Understanding Bayes' Theorem
Bayes' theorem solves a specific probability problem: given that something observable has occurred, what is the probability that an underlying cause or condition is true? This differs from asking the reverse question, which is often easier to measure directly.
The theorem formalizes prior probability (what you believe before new information) and likelihood (how probable the new information would be if your belief were true), then produces a posterior probability (your updated belief after considering the evidence).
Imagine a factory produces widgets on three machines. Machine A produces 50% of widgets and has a 2% defect rate. Machine B produces 30% and has a 3% defect rate. Machine C produces 20% and has a 5% defect rate. If you pull a defective widget from the bin, Bayes' theorem tells you which machine most likely produced it—even though you don't know which machine it came from.
The Bayes' Theorem Formula
The fundamental equation calculates the conditional probability of event A occurring, given that event B has been observed:
P(A|B) = [P(B|A) × P(A)] ÷ P(B)
P(A|B)— Posterior probability—the likelihood of A given that B is true.P(B|A)— Likelihood—the probability of observing B if A were actually true.P(A)— Prior probability—your initial belief about the probability of A before observing B.P(B)— Evidence probability—the total probability of observing B across all possible scenarios.
Multi-Hypothesis Extension for Testing
When hypothesis A can occur in multiple mutually exclusive forms, the denominator expands to account for all pathways that could produce the observed evidence B:
P(B) = P(A) × P(B|A) + P(¬A) × P(B|¬A)
This is invaluable in medical testing. Consider a disease affecting 1% of a population. A test correctly identifies 99% of infected patients but also incorrectly flags 5% of healthy people. If someone tests positive, the actual probability they're infected is dramatically lower than 99%—roughly 17%. The high false positive rate swamps the base rate. This explains why confirmatory testing is crucial in medicine.
Deriving Bayes' Theorem from First Principles
The derivation begins with the definition of conditional probability: the probability of two events both occurring divided by the probability of the conditioning event.
Starting with P(A|B) = P(A ∩ B) ÷ P(B) and P(B|A) = P(A ∩ B) ÷ P(A), we recognise that the intersection probability P(A ∩ B) is the same in both equations.
Rearranging: P(A ∩ B) = P(B|A) × P(A). Substituting this into the first equation yields Bayes' theorem. This derivation shows the theorem isn't an arbitrary rule but a logical consequence of how conditional probabilities relate to joint probabilities.

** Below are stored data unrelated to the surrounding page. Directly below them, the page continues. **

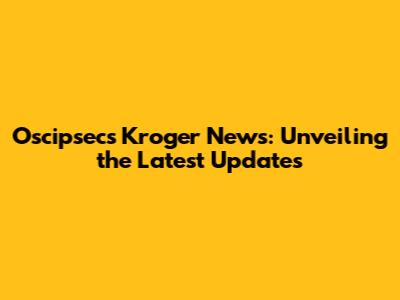Oscipsec's Kroger News: Unveiling The Latest Updates
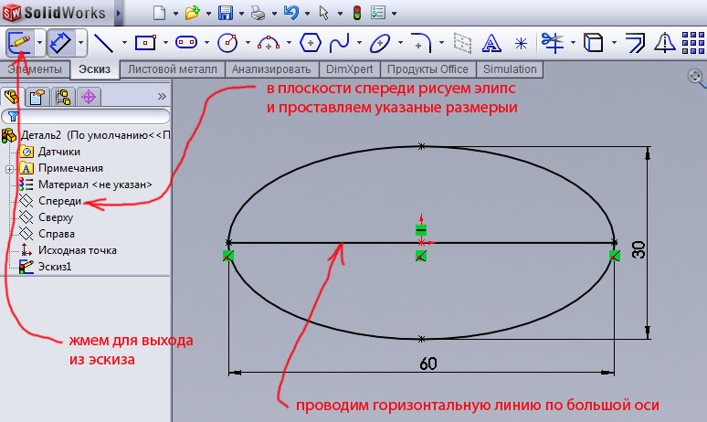 Теперь разворачиваем ракурс в изометрию и создаем эскиз в плоскости Справа рис.81. Рисуем элипс, как показано на рисунке, проводим осевую, ставим размер малой оси элипса, отсекаем нижнюю его часть. Выходим из эскиза.
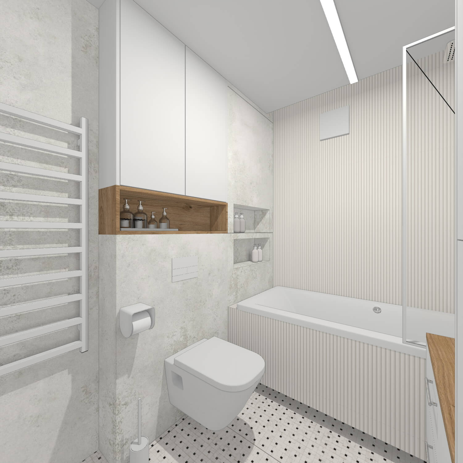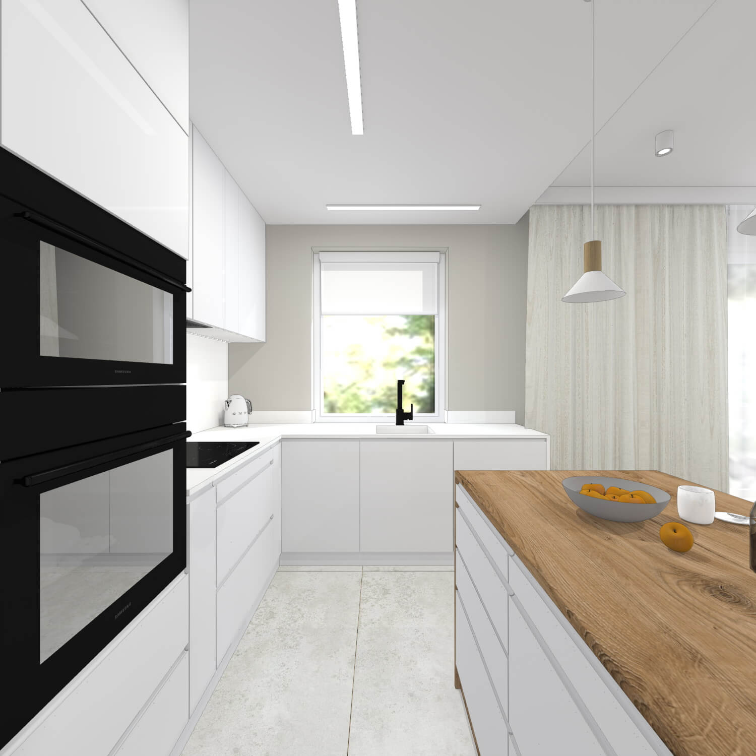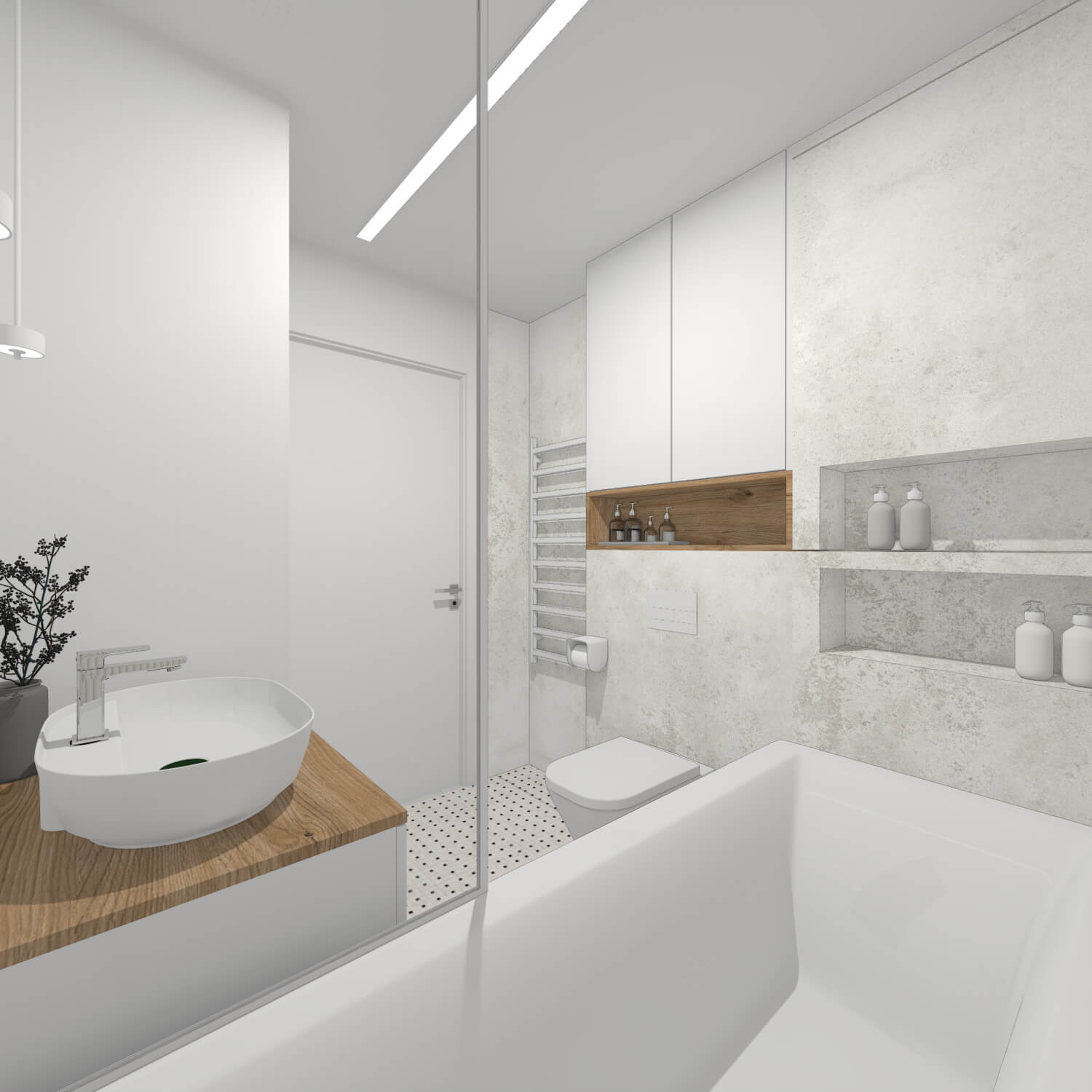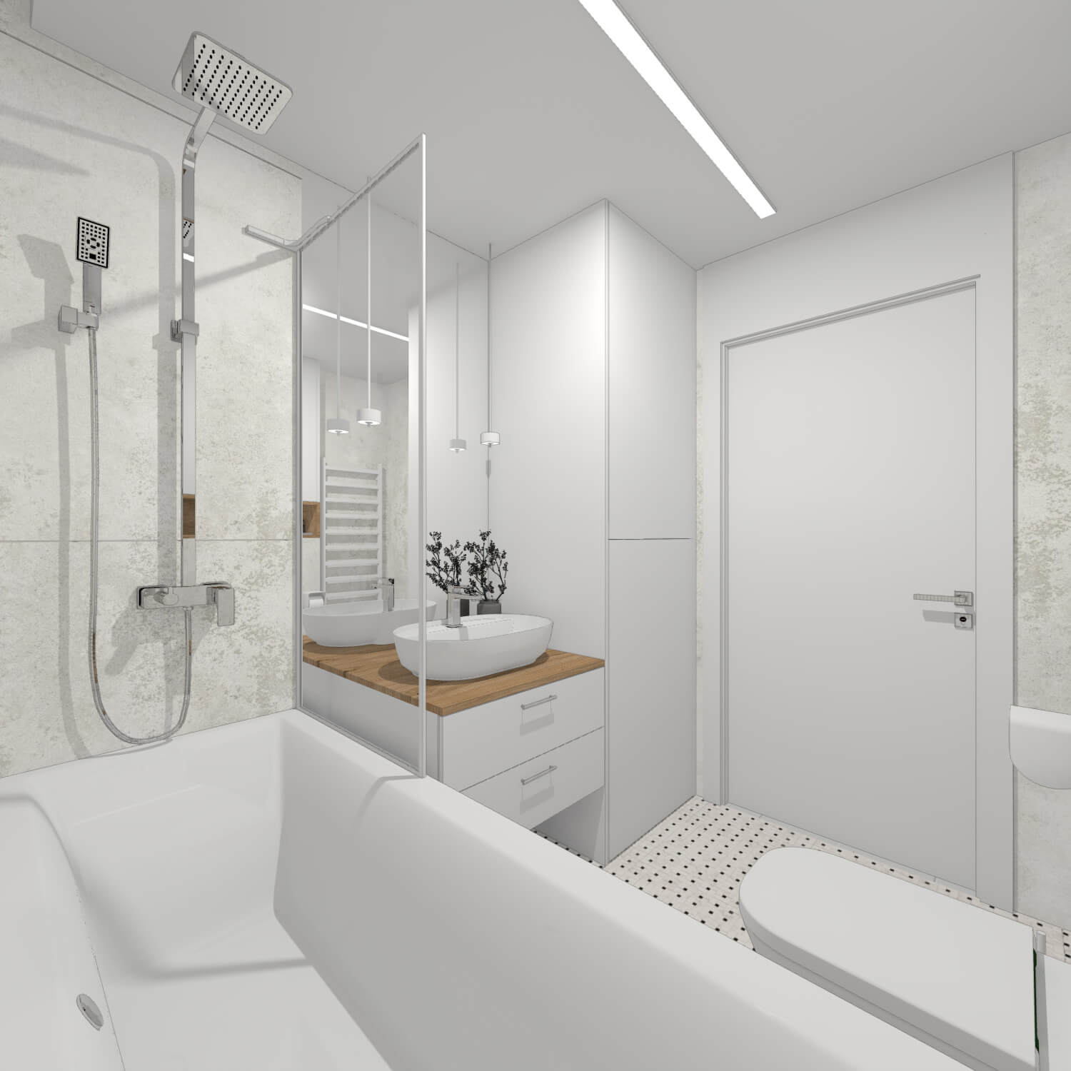 Kompleksowy projekt aranżacji wnętrza o powierzchni 85m2, obejmujący salon z aneksem kuchennym, dwie sypialnie, gabinet, łazienkę oraz toaletę.
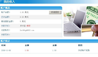 虽然本人很不信那些推荐下线的方式来赚钱,有的时候还很鄙视,因为感觉总有一种欺骗性质的味道!并且感觉收入没有保障,不过今天我向大家推荐FreeSurvey–调客网。欢迎来到调客网!填写每份问卷的奖励约为1-10美元;推荐朋友注册,可以获得持续性收入;新产品上市前,您先得到最前沿资讯;完全免费,而且永远免费!作为菜鸟的我确实收到了真金白银,那时没去推荐下线,不过是因为一次调查,更新了一次资料。得了6元钱,通过支付宝得到了money!感觉比较信赖,值得向大家推荐!下面是FreeSurvey–调客网官方给的资料,拿来给大家看看![FreeSurveyASIA调客网]会员通讯尊敬的 您好!我们很高兴的通知您,调客网第五次改版基本完成啦!这一次的改版,不仅使我们的网站好看了很多,我们也开始启用面向整个亚洲地区的新域名:www.freesurveyasia.com。更关键的是,调客网已经开始与国外的一些调查公司取得合作,他们将会通过调客网来发放调查问卷。我们现在有2个项目正在进行中,不过只有符合要求的部分会员才会收到我们的邀请邮件。我们相信以后的调查问卷一定会越来越多!更大的好消息是,调客网最新推荐计划也已于10月底启动!请登录您的帐户,点击“推荐中心”查看详细的奖励方案,并获取您的个人推荐链接! 设计这个最新奖励方案时,我们的想法是帮助会员建立一种持续收入的管道,我们诚邀您来一起分享网络经济的一杯羹!温馨提示:为了庆祝调客网第五次改版成功,11月15日前升级帐户的老会员,或者激活帐户的新会员,都可以获得1美元(最低提款金额现为5美元)的奖励!以表示调客网对所有支持我们的会员的感谢!如果您有任何疑问或建议,欢迎随时联系我们!下面是我得到的money,哈哈!注册地址:e82a09df
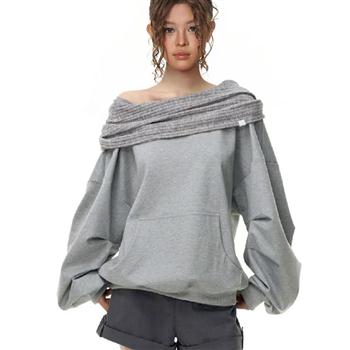 YF6154-图片色慵懒风长袖连帽两穿设计宽松大码一字肩个性美式卫衣
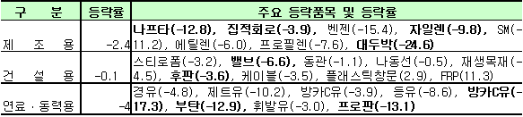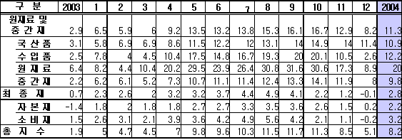 그러나 최근 몇달동안 환율하락과 함께 국제유가가 하향 안정세를 보인데 힘입어 2004년 12월 원재료ㆍ중간재 물가는 전년동월대비 8.2% 상승에 그쳐 7개월째 이어오던 2자릿수 상승률 행진을 마감했다. 또 전월대비로는 2.7% 하락해 2달째 내림세를 이어갔다.
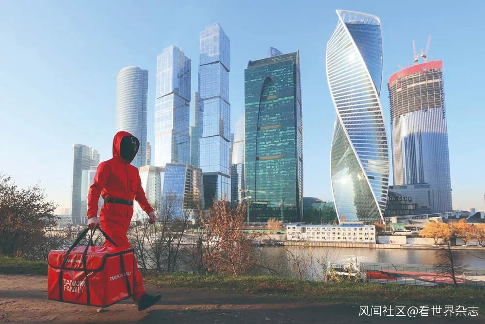 2021年11月,俄羅斯外賣小哥身穿電視劇《魷魚遊戲》裏的服裝送餐
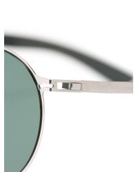 A pair of sunglasses with a reflective lens is placed on a white background. The sunglasses have a metallic frame with a hinge and a metal bar connecting the temples. The reflection on the lens shows a shadow of the frame and the white background. | Mykita Gray 'elder' Sunglasses | b2227952ab39bbf0bf2e6b1dcae299210f82a36f4dda9ba04d5b85595de9b27a | 001229734652 | 0 | 0 | 45 | 4 | 0 | 0 | |
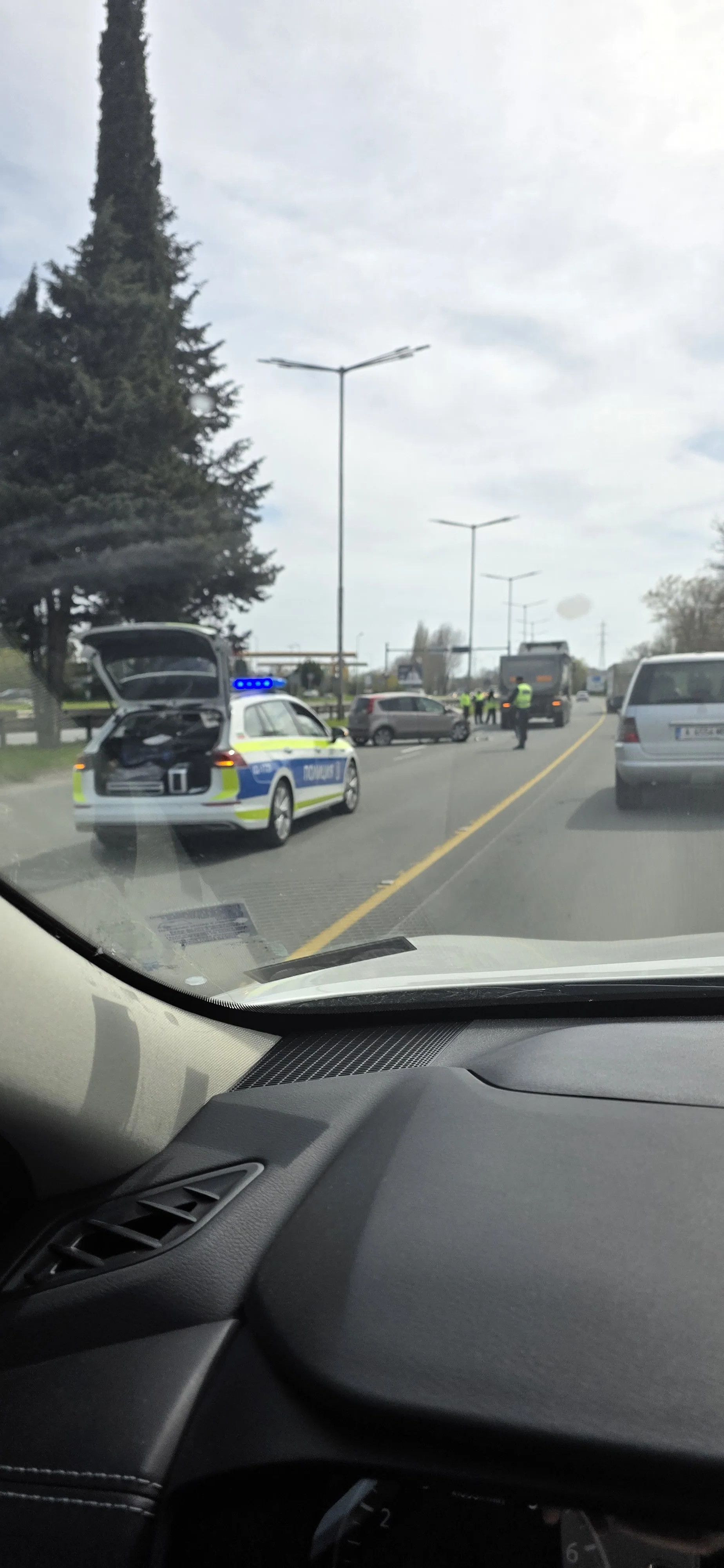 Реакція «Дорожньої поліції» була миттєвою. Кілька патрульних машин з увімкненими світловими сигналами заблокували ділянку та перенаправили рух лише в одну смугу в напрямку Созополя. Конуси посередині дороги окреслюють місце зіткнення, а поліцейські у яскравих жилетах подають знаки водіям зменшити швидкість та проїжджати обережно. В результаті на трасі швидко утворилася кілометрова колона, в якій автомобілі повзуть на першій передачі, а водії терпляче чекають, щоб об'їхати автомобіль, що потрапив у аварію, та зупинену вантажівку.
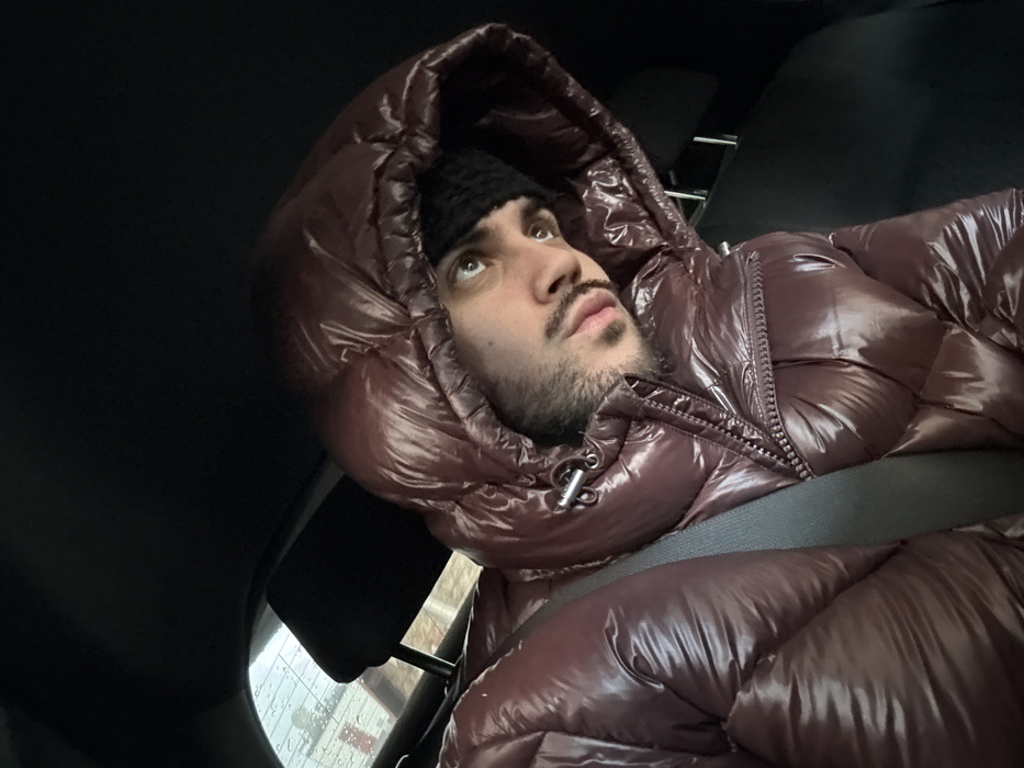 A male individual is depicted seated inside a vehicle, occupying the front passenger seat. He wears a shiny, dark maroon puffer jacket with the hood up, covering a black knit beanie. A dark gray seatbelt is fastened across his chest. The individual has a beard and mustache. His gaze is directed towards the upper right of the frame. The vehicle interior is predominantly dark. Through the window on the left side of the frame, raindrops are visible on the glass, indicating precipitation. Exterior elements are blurred and indistinct, preventing definitive identification of the location within Aubervilliers, France.
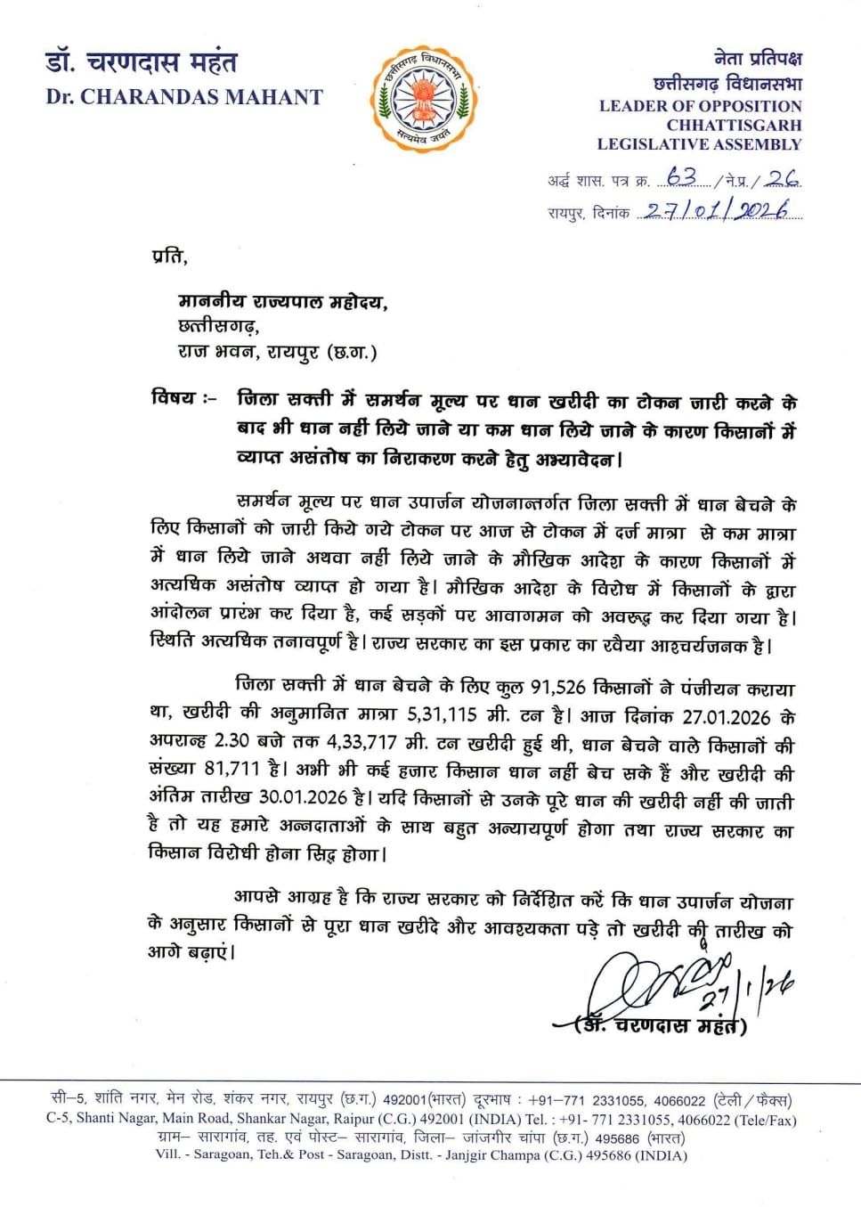 रायपुर : छत्तीसगढ़ में धान खरीदी के अंतिम दौर में व्यवस्थाओं को लेकर राजनीति तेज हो गई है। विधानसभा में नेता प्रतिपक्ष डॉ. चरण दास महंत ने प्रदेश के किसानों की समस्याओं को लेकर राज्यपाल रमेन डेका को एक औपचारिक पत्र लिखा है। इस पत्र में उन्होंने किसानों के बीच व्याप्त 'अफरा-तफरी' के माहौल और धान खरीदी में हो रही कथित अनियमितताओं कि ओर राज्यपाल का ध्यान आकर्षित किया है।

Common Pitfalls When Using Bayes' Theorem
Misapplying Bayes' theorem leads to flawed reasoning, especially in medical and legal contexts.
- Ignoring base rates — The prior probability P(A) often carries more weight than people intuitively expect. A rare disease remains rare even with a positive test. Always anchor to the baseline occurrence rate in your population before weighing evidence.
- Confusing the conditional directions — P(B|A) and P(A|B) are not interchangeable. The probability that a person with the disease tests positive differs from the probability they have the disease given a positive test. Swapping these is the 'prosecutor's fallacy' and has wrongly convicted innocent people.
- Using incomplete or biased evidence — The formula assumes P(B) is correctly estimated. If your data source is skewed—for instance, only testing symptomatic patients—the evidence probability shifts, invalidating downstream calculations. Ensure your data reflects the real-world context you're modelling.
- Forgetting that P(B) must be non-zero — Division by zero is undefined. If P(B) = 0, you cannot have observed B, so the question becomes meaningless. Always verify that your evidence has a non-zero probability before computing the posterior.